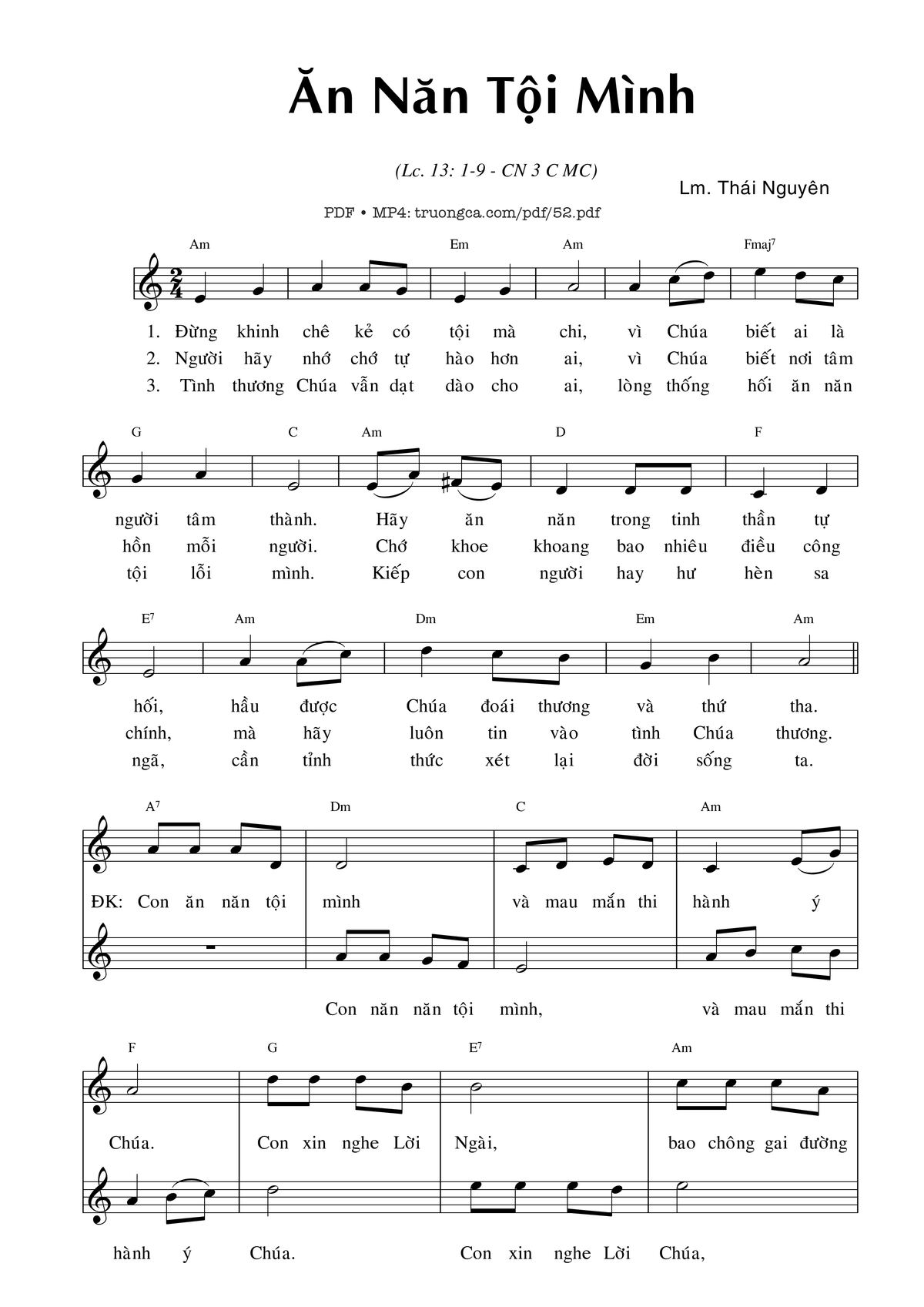 Lm. Thái Nguyên Đừng khinh chê kẻ có tội mà chi Vì Chúa biết ai là người tâm thành [PDF] [Sheet] [Lyrics] [Mp4/Midi]
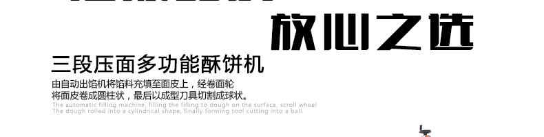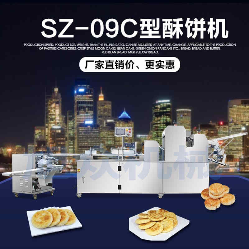 SZ-09C三段壓面蘇式月餅機(jī),生產(chǎn)速度、制品大小、重量、皮餡比例可隨時(shí)調(diào)整、變更。適用于蘇式月餅、綠豆餅、老婆餅、蔥油餅、鮮花餅、肉松餅、金華酥餅等。適用于大、中型糕餅生產(chǎn)廠家,免費(fèi)提供工藝技術(shù)。
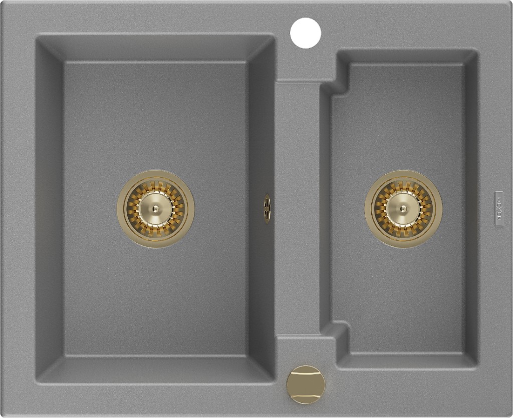 Technická data: Rozměr: 582 x 475 x 177 mm Hloubka komory: 162 mm (větší), 102 mm (menší) Rozměry komory: 395x272 mm (větší), 375x182 mm (menší) Průměr odtoku: ø90 mm Typ: 1,5-komorový Typ: Zapuštěné do pracovní desky Materiál: žula Šedá barva Povrchová úprava sifonu: zlatá Přepadový otvor: Ano Otvor pro baterii: Ano Včetně automatického sifonu Vysoká odolnost proti poškrábání a změně barvy Odolnost proti tepelným šokům Snadno čistitelný povrch
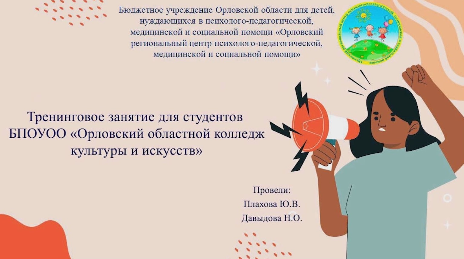 На методическом часе было продемонстрировано и проанализировано тренинговое занятие для студентов БПОУ ОО «Орловский областной колледж культуры и искусств», которое провели специалисты Центра: педагог-психолог Давыдова Николь Олеговна и социальный педагог Плахова Юлия Владимировна.
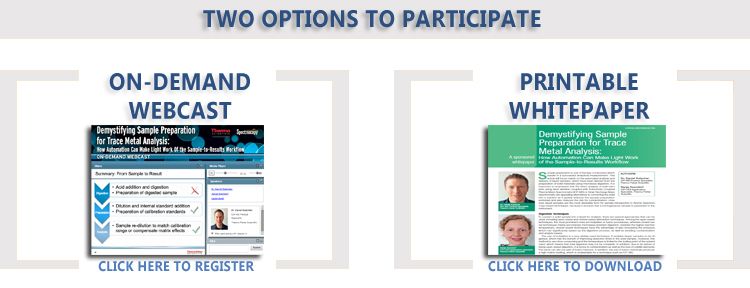Spectroscopy's webcast, "Demystifying Sample Preparation for Trace Metal Analysis: How Automation Can Make Light Work Of the Sample-to-Results Workflow " is now available on-demand for you to view at your convenience along with a complimentary whitepaper. This webcast discusses the application and benefits of an intelligent on-line autodilution system for rapid and efficient analysis of challenging samples.
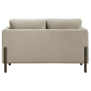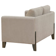 Modern lines and plush comfort come together in this upholstered loveseat, designed for relaxed refinement. A engineered wood frame in a rich coffee finish outlines its recessed panel arms, creating a clean, architectural silhouette. Wrapped in taupe polyester, the seat and back cushions are fully reversible for extended use and lasting comfort. Whether styled alone or with its matching counterparts, this piece offers balance and softness in equal measure. Key Features: • Loveseat features a low-profile design with clean lines and recessed panel arms • Engineered wood frame finished in coffee adds warmth and structured visual contrast • Taupe polyester upholstery offers soft texture and durable everyday use • Reversible seat and back cushions provide flexible comfort and long wear • Plush cushions offer relaxed support while maintaining a tailored look • Complements the matching sofa and chair for a cohesive living room ensemble
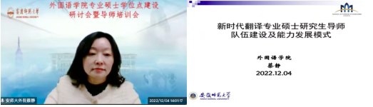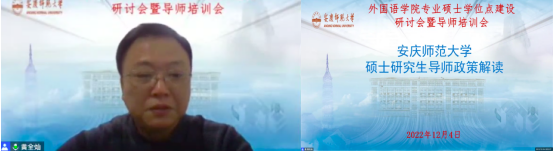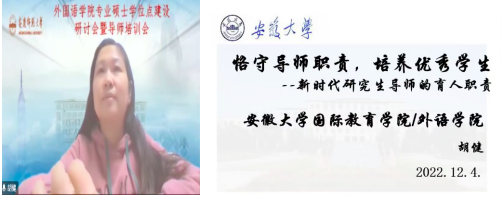 翻译硕士和学科教学(英语)专业学位硕士点建设基础,12月4日下午外国语学院在腾讯会议平台召开硕士学位点建设研讨会暨硕士生导师培训会。安徽大学国际教育学院院长胡健教授、安徽师范大学海角
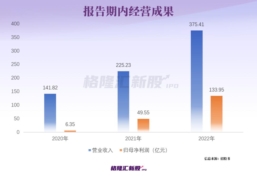 具体来看,公司营收由2019年的141.82亿元增至2022年的375.41亿元,三年复合增速约62.70%;相应的归母净利润则由6.35亿元增至133.95亿元,三年复合增速高达359.29%。
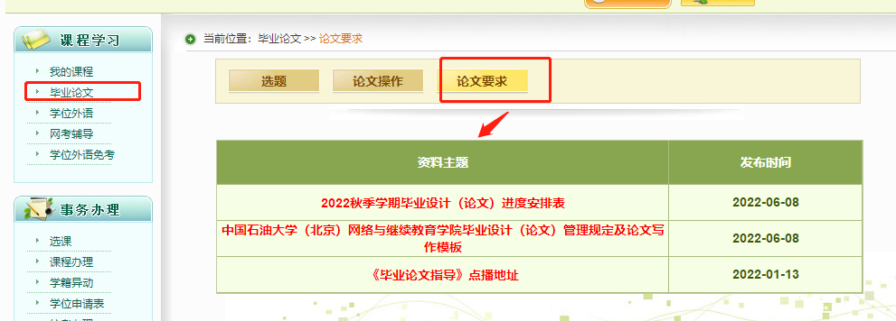 2.畢業(yè)設(shè)計(jì)(論文)管理規(guī)定、寫作模板、寫作指導(dǎo)等,可在“學(xué)生工作室→畢業(yè)論文→論文要求”欄目中查看。畢業(yè)設(shè)計(jì)(論文)管理規(guī)定和寫作模板也可參看附件2。
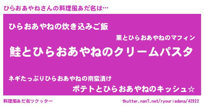 | 意味不明あだ名 | 『眠気覚ましガムひらおあやね味』 |
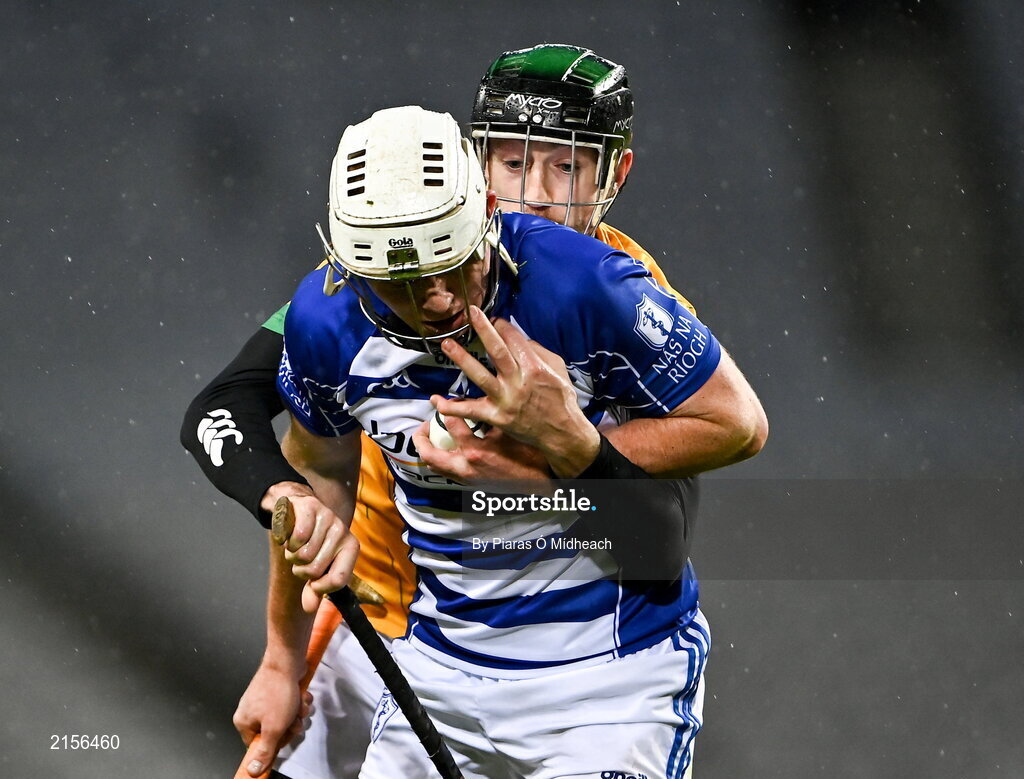 5 February 2022; Conor Gormley of Naas in action against James Godley of Kilmoyley during the AIB GAA Hurling All-Ireland Intermediate Club Championship Final match between Kilmoyley, Kerry, and Naas, Kildare, at Croke Park in Dublin. Photo by Piaras Ó Mídheach/Sportsfile
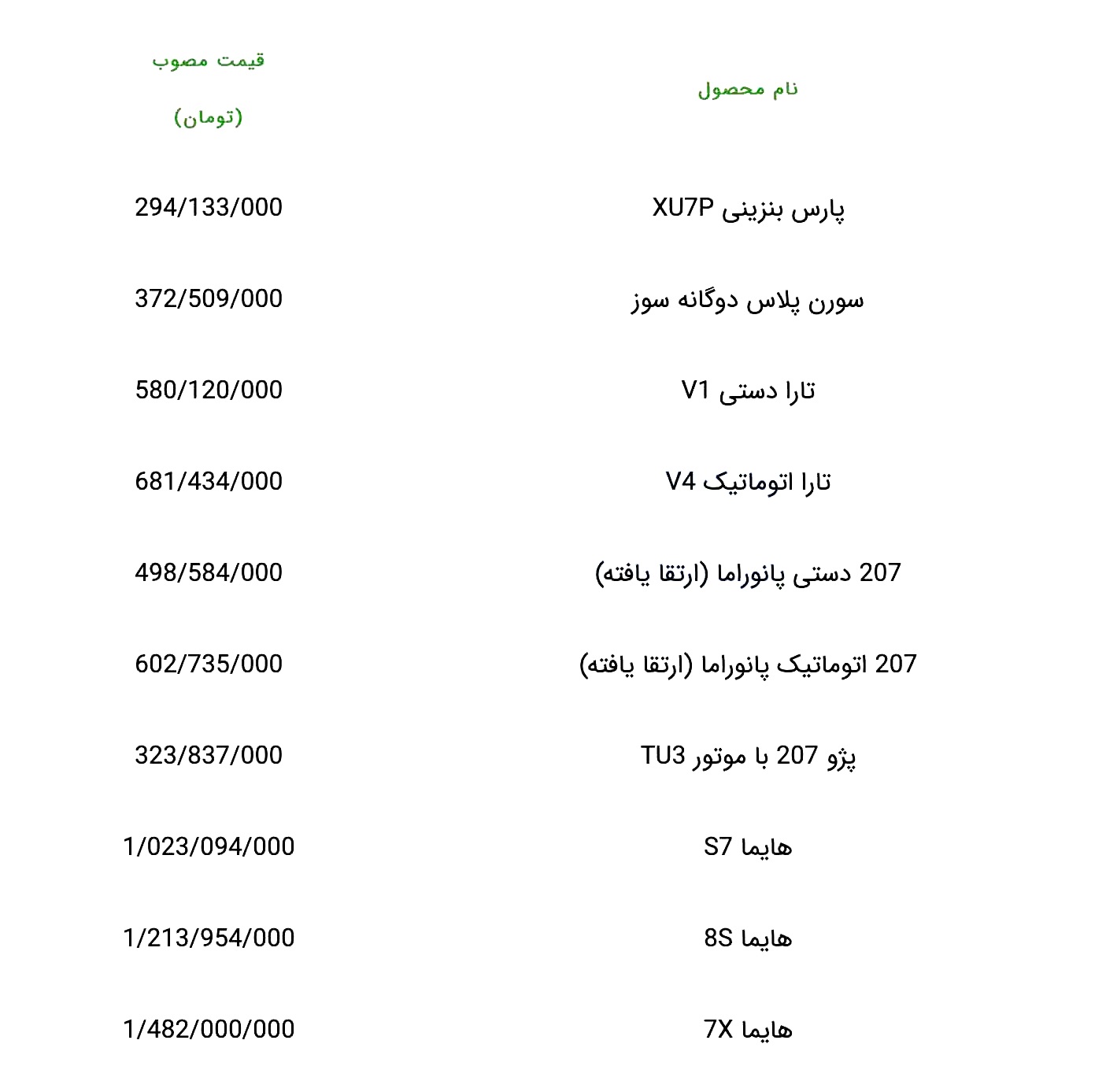 در این لیست، پارس بنزینی ۲۹۴ میلیون و ۱۳۳ هزار تومان و تارا اتوماتیک ۶۸۱ میلیون و ۴۳۴ هزار تومان قیمت خورده است.
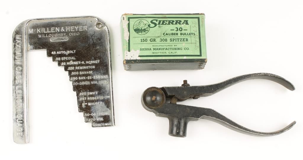 Includes alloy and steel handles with 9 dies of unknown caliber and case length gauge.
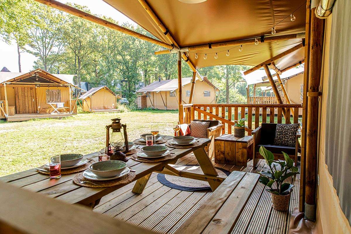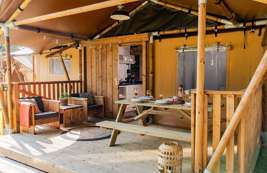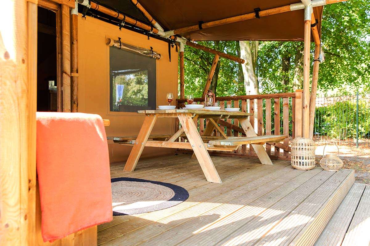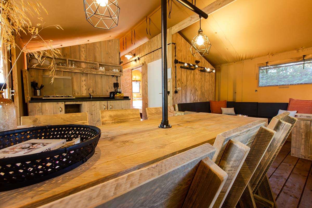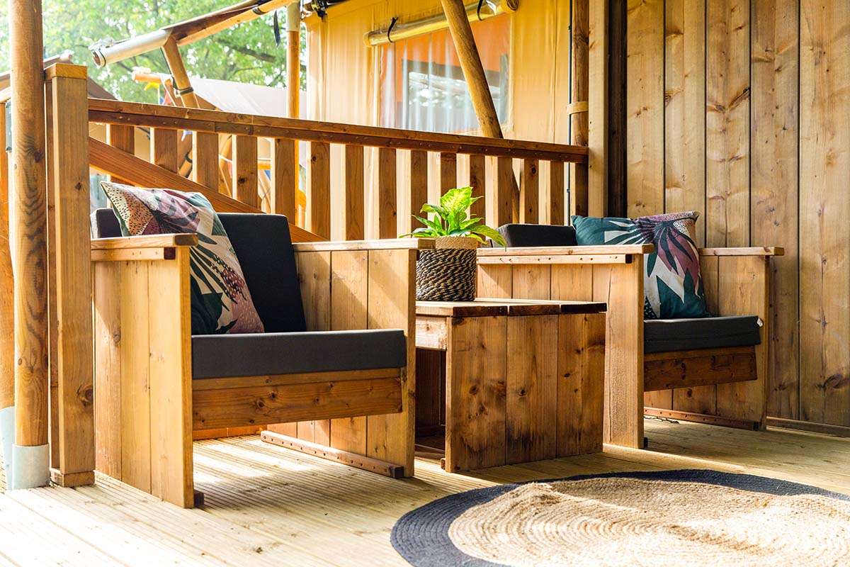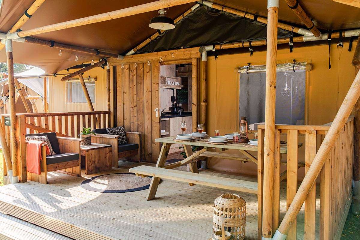 In unseren Luxus Lodgezelten für 5 Personen ist ein komfortabler Camping-Urlaub garantiert. Die Zelte bieten Ihnen sämtliche Vorzüge, die Sie sich für Ihren Urlaub wünschen können. Dank den Holz-Möbeln und der überdachten Terrasse können Sie die Natur voll und ganz genießen.
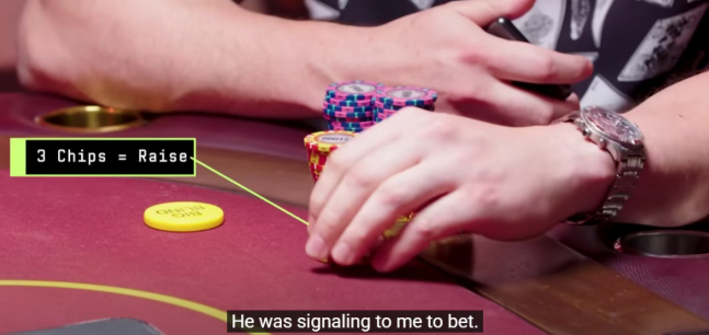 “改造”完成后,Greenberg安排了一场私人的小型牌局,桌上除了他和Tartaro外,还有两位毫不知情的玩家。Tartaro在手机上实时掌握了所有牌序后,通过摆弄不同数量筹码,暗示Greenberg应该弃牌、跟注还是加注。
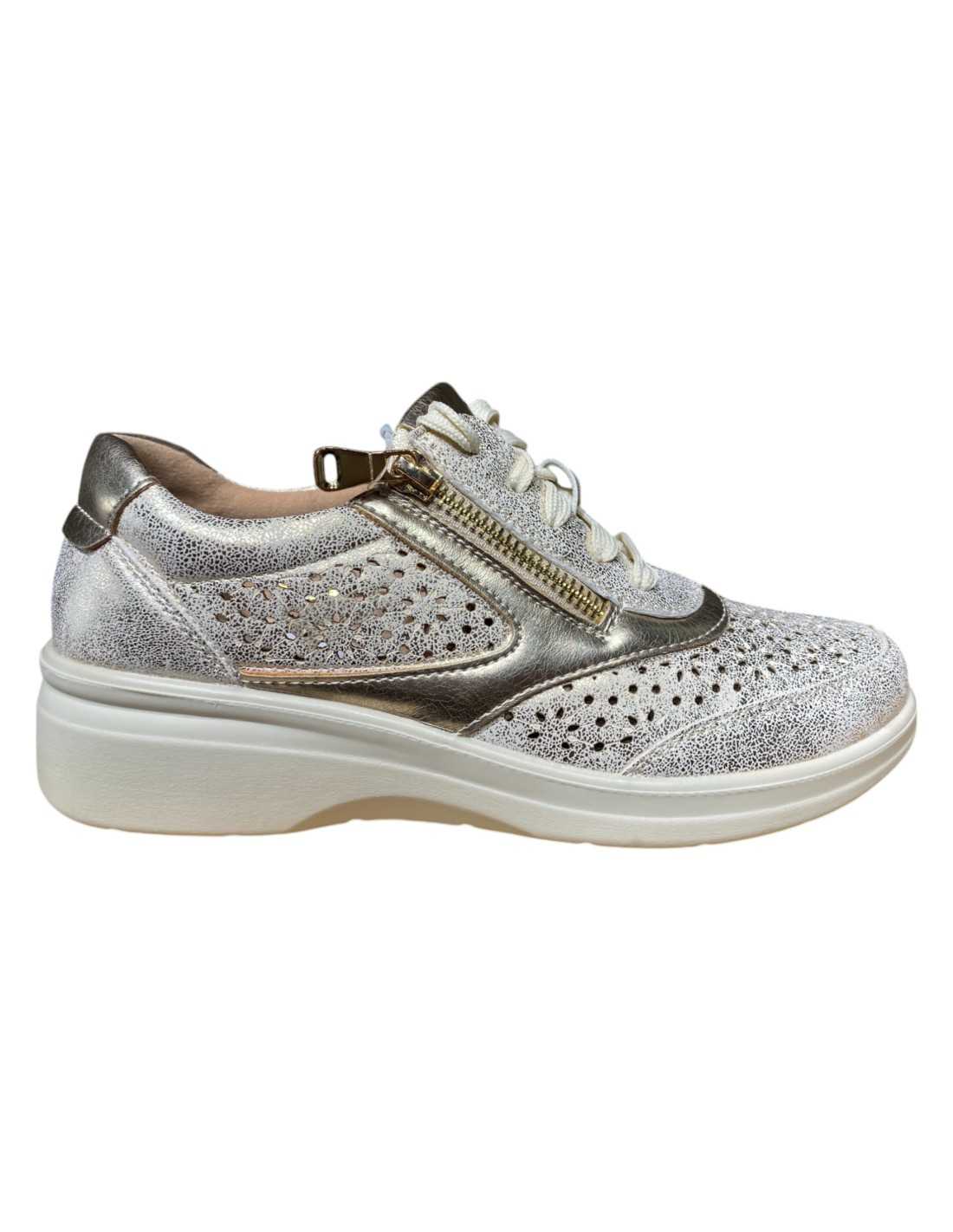 Tênis esportivo com fecho de zíper, solado alto e gáspea vazada. Calcanhar e laterais metálicos.

===============

§ PROBLEM REQUIREMENTS
Within the listing above, find the line containing "5 February 2022;", then print it and every line after it exactly, leaving out pictures.

§ PROBLEM SOLUTION
 5 February 2022; Conor Gormley of Naas in action against James Godley of Kilmoyley during the AIB GAA Hurling All-Ireland Intermediate Club Championship Final match between Kilmoyley, Kerry, and Naas, Kildare, at Croke Park in Dublin. Photo by Piaras Ó Mídheach/Sportsfile
 در این لیست، پارس بنزینی ۲۹۴ میلیون و ۱۳۳ هزار تومان و تارا اتوماتیک ۶۸۱ میلیون و ۴۳۴ هزار تومان قیمت خورده است.
 Includes alloy and steel handles with 9 dies of unknown caliber and case length gauge.
 In unseren Luxus Lodgezelten für 5 Personen ist ein komfortabler Camping-Urlaub garantiert. Die Zelte bieten Ihnen sämtliche Vorzüge, die Sie sich für Ihren Urlaub wünschen können. Dank den Holz-Möbeln und der überdachten Terrasse können Sie die Natur voll und ganz genießen.
 “改造”完成后,Greenberg安排了一场私人的小型牌局,桌上除了他和Tartaro外,还有两位毫不知情的玩家。Tartaro在手机上实时掌握了所有牌序后,通过摆弄不同数量筹码,暗示Greenberg应该弃牌、跟注还是加注。
 Tênis esportivo com fecho de zíper, solado alto e gáspea vazada. Calcanhar e laterais metálicos.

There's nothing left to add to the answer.